I can write a script to parse the output from exportClonesPretty
, but I'm sure there is a more simple and elegant solution.
@ot0tot thanks for the important feedback! you are right, there is still no simple way to export full length for each clone except exportClonesPretty
, and we are now implementing this; will let you know when finish.
I just created a dedicated issue for this feature, please let us know your thoughts in the comments: #389. At least vote for one of the options.

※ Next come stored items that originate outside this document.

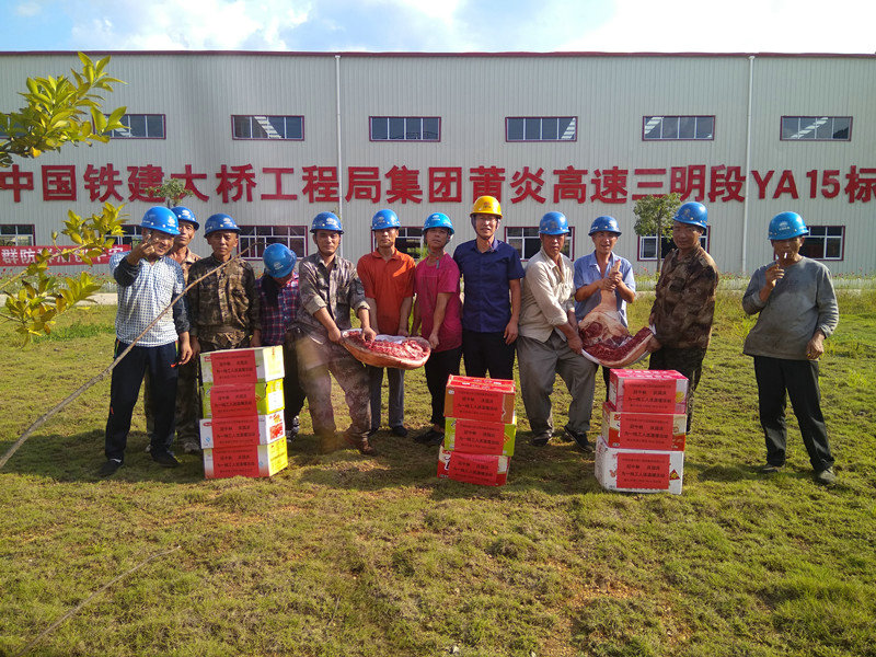 莆炎YA15標(biāo)開展“迎中秋、慶國慶”送溫暖活動。項(xiàng)目部領(lǐng)導(dǎo)帶領(lǐng)辦公室、安質(zhì)部人員分別對項(xiàng)目部所屬各施工隊(duì)生產(chǎn)一線人員進(jìn)行走訪慰問,為一線工人每人送去一盒月餅,為食堂送去豬肉、米面等節(jié)日用品,讓他們歡度一個安全喜慶、愉快和諧的國慶、中秋佳節(jié)。項(xiàng)目此次送溫暖活動共走訪8個施工隊(duì),給工人們送去了香甜的中秋月餅200余盒,豬肉500余斤,并為他們送上一份關(guān)心和溫馨祝福。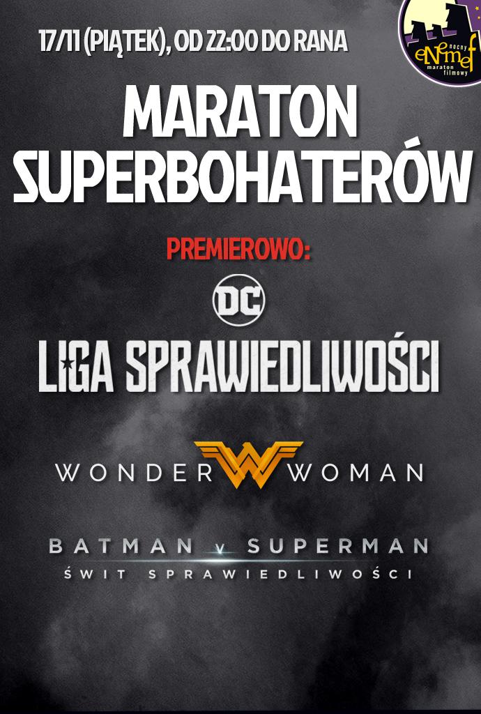 ENEMEF: Maraton Superbohaterów z premierą "Ligi Sprawiedliwości" to emocjonujące spotkanie z najsłynniejszymi superbohaterami DC Comics! Tej nocy pojawią się m.in. Batman, Superman, Wonder Woman, Flash, Aquaman oraz Cyborg i zapewnią widzom doskonałą rozrywkę za sprawą świetnych historii, dynamicznej akcji i rewelacyjnych efektów specjalnych.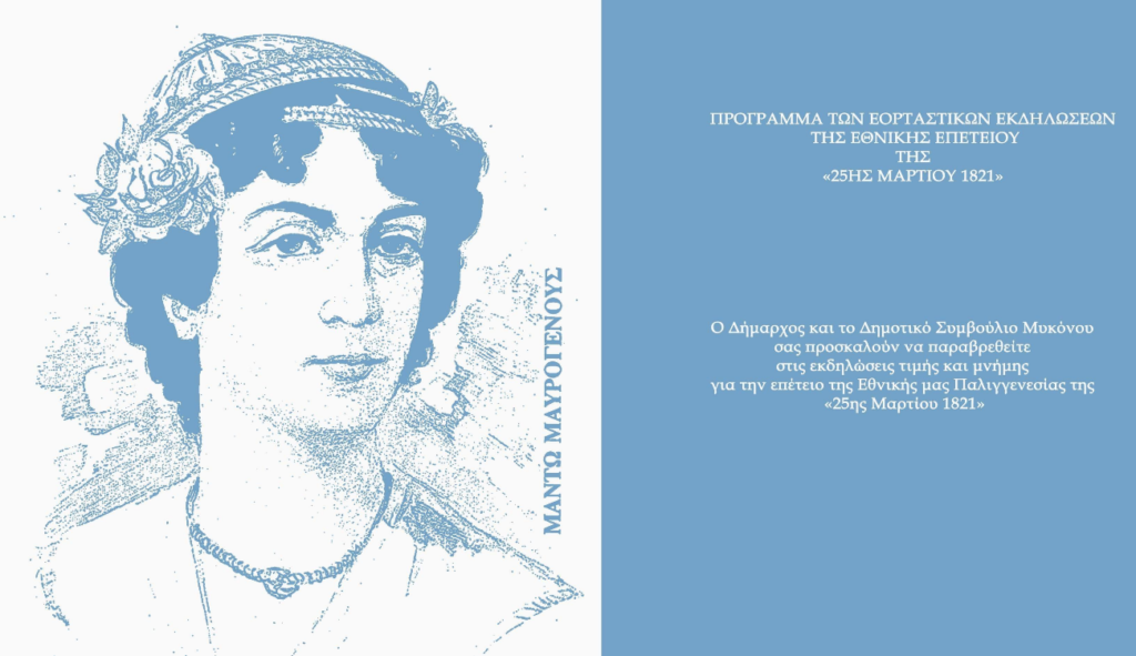 Με κάθε επισημότητα και μια σειρά εκδηλώσεων που εκτείνονται σε όλο το νησί, ο Δήμος Μυκόνου τιμά την επέτειο της Εθνικής Παλιγγενεσίας. Το πρόγραμμα, το οποίο περιλαμβάνει δράσεις στη Χώρα και την Άνω Μερά, κορυφώνεται την Τετάρτη 25 Μαρτίου 2026 με τις καθιερωμένες παρελάσεις και δοξολογίες.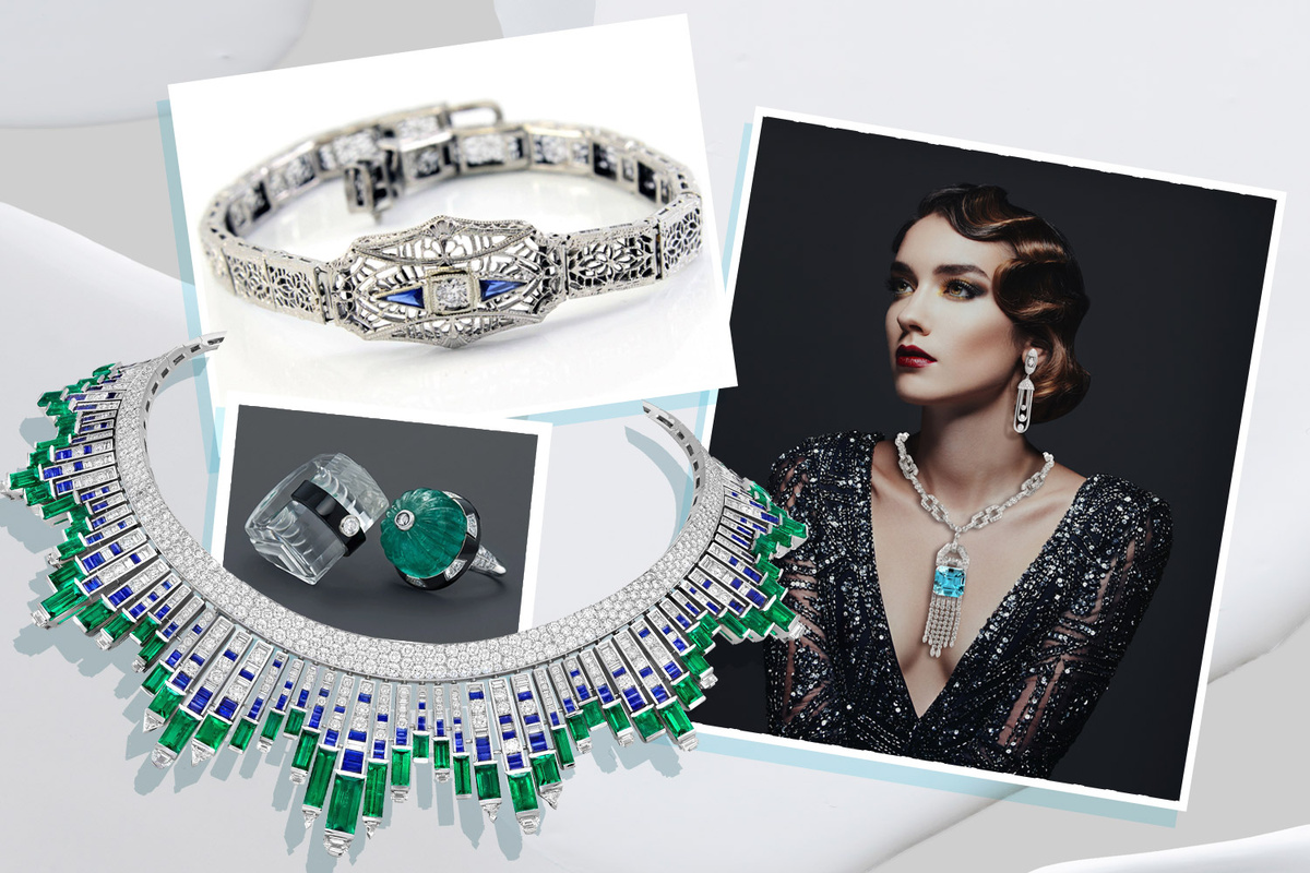 Ювелирные изделия ар-деко Эта поразительная эпоха декаданса, джазовых вечеринок и роскошного гламура, а также промышленного прогресса в науке и технике, оставила значительный след в ювелирном искусстве, определив его дальнейшее развитие на многие годы вперёд. Новый стиль возник в центре Парижа между двумя мировыми войнами и стремился воссоздать иллюзию благополучной и беззаботной жизни для поколений, пострадавших от военных конфликтов. Ар-деко представляет собой стиль, наполненный намеренной роскошью и солидностью, ориентированный на "средний класс". Ювелирная мода приобрела более откровенные, дерзкие и выразительные формы, заменив прежнюю мягкость линий геометрическими элементами. Ювелиры начали применять прямые линии, яркие оттенки и драгоценные камни, комбинируя платину с белым золотом. В дополнение к традиционным изделиям появились необычные экзотические украшения, вдохновленные путешествиями мастеров. Специалисты мастерски объединили в своих работах мотивы из Египта, Персии, Индии

Hi, I was using mixcr-220l, trying to get the full length sequence based on alignments. However, when I'm running mixcr assembleContigs clones.clna clones.clns
it gives me below errors: Assembling: 0% Exception in thread "main" java.lang.RuntimeException: While processing clone #0 at com.milaboratory.mixcr.cli.ActionAssembleContigs.lambda$go$1(ActionAssembleContigs.java:107) at cc.redberry.pipe.blocks.ParallelProcessor$Worker.run(ParallelProcessor.java:304) at java.lang.Thread.run(Thread.java:748) Caused by: java.lang.IndexOutOfBoundsException: Index: 0, Size: 0 at java.util.ArrayList.rangeCheck(ArrayList.java:653) at java.util.ArrayList.get(ArrayList.java:429) at com.milaboratory.primitivio.PrimitivI.readObject(PrimitivI.java:104) at com.milaboratory.mixcr.basictypes.IO$VDJCAlignmentsSerializer.read(IO.java:99) at com.milaboratory.mixcr.basictypes.IO$VDJCAlignmentsSerializer.read(IO.java:81) at com.milaboratory.primitivio.PrimitivI.readObject(PrimitivI.java:87) at com.milaboratory.primitivio.PipeDataInputReader.take(PipeDataInputReader.java:29) at cc.redberry.pipe.CUtils$OPIterator.hasNext(CUtils.java:420) at com.milaboratory.mixcr.assembler.fullseq.FullSeqAssembler.calculateRawData(FullSeqAssembler.java:1002) at com.milaboratory.mixcr.cli.ActionAssembleContigs.lambda$go$1(ActionAssembleContigs.java:80) ... 2 more
The report of previous assemble step Analysis date: Thu Aug 16 17:36:23 CDT 2018 Input file(s): tcrb_alignment.vdjca Output file(s): clones.clna Version: 2.2-SNAPSHOT; built=Wed Apr 18 02:19:31 CDT 2018; rev=e40d713; lib=repseqio.v1.5 Command line arguments: assemble -r report.txt -f -a tcrb_alignment.vdjca clones.clna Analysis time: 42.30m Final clonotype count: 5506 Average number of reads per clonotype: 1819.22 Reads used in clonotypes, percent of total: 10016603 (41.49%) Reads used in clonotypes before clustering, percent of total: 12553677 (52%) Number of reads used as a core, percent of used: 9293879 (74.03%) Mapped low quality reads, percent of used: 3259798 (25.97%) Reads clustered in PCR error correction, percent of used: 2537074 (20.21%) Reads pre-clustered due to the similar VJC-lists, percent of used: 0 (0%) Reads dropped due to the lack of a clone sequence: 195075 (0.81%) Reads dropped due to low quality: 152835 (0.63%) Reads dropped due to failed mapping: 6940202 (28.75%) Reads dropped with low quality clones: 0 (0%) Clonotypes eliminated by PCR error correction: 20822 Clonotypes dropped as low quality: 0 Clonotypes pre-clustered due to the similar VJC-lists: 0
Could you let me know what's the issue? Thank you!
Kevin
Please try latest build, we fixed several IO errors since 220l
:
https://s3.amazonaws.com/files.milaboratory.com/mixcr/mixcr-220m.zip
I would like to generate a list of V Region AA sequences in FASTA format to use for mass spec analysis, but running mixcr exportClones with -aaFeature set to anything besides CDR3 gives me no output. I have also tried concatenating features (eg. FR3+CDR3+FR4) and get no output.
Is it possible to use -aaFeature VRegion or -aaFeature VTranscript? What would be the best way of exporting in-frame AA translations of the assembled clones?